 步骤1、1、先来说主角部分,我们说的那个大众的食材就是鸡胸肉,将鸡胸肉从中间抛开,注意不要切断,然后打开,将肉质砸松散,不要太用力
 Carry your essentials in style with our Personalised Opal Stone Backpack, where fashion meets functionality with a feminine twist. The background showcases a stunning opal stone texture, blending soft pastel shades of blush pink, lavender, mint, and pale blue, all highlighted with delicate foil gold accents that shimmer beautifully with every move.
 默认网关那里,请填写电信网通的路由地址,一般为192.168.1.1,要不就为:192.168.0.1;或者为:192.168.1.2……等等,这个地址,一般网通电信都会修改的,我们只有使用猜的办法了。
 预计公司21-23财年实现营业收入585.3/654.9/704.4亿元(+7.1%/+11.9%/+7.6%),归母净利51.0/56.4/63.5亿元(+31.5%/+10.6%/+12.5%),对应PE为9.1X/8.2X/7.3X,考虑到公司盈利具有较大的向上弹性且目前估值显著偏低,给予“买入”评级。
----------------------------------------
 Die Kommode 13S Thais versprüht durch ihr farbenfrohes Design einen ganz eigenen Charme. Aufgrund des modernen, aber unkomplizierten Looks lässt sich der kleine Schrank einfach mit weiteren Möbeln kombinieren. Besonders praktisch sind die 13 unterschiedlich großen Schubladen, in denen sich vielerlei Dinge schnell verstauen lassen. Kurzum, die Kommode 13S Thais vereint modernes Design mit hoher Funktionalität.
----------------------------------------
■ Activity: Here the output must be the lines above from the line with "步骤1、1、先来说主角部分,我们说的那个" to the line with "Carry your essentials", both included, duplicated word for word and nothing else.

■ Output for this exercise:
 步骤1、1、先来说主角部分,我们说的那个大众的食材就是鸡胸肉,将鸡胸肉从中间抛开,注意不要切断,然后打开,将肉质砸松散,不要太用力
 Carry your essentials in style with our Personalised Opal Stone Backpack, where fashion meets functionality with a feminine twist. The background showcases a stunning opal stone texture, blending soft pastel shades of blush pink, lavender, mint, and pale blue, all highlighted with delicate foil gold accents that shimmer beautifully with every move.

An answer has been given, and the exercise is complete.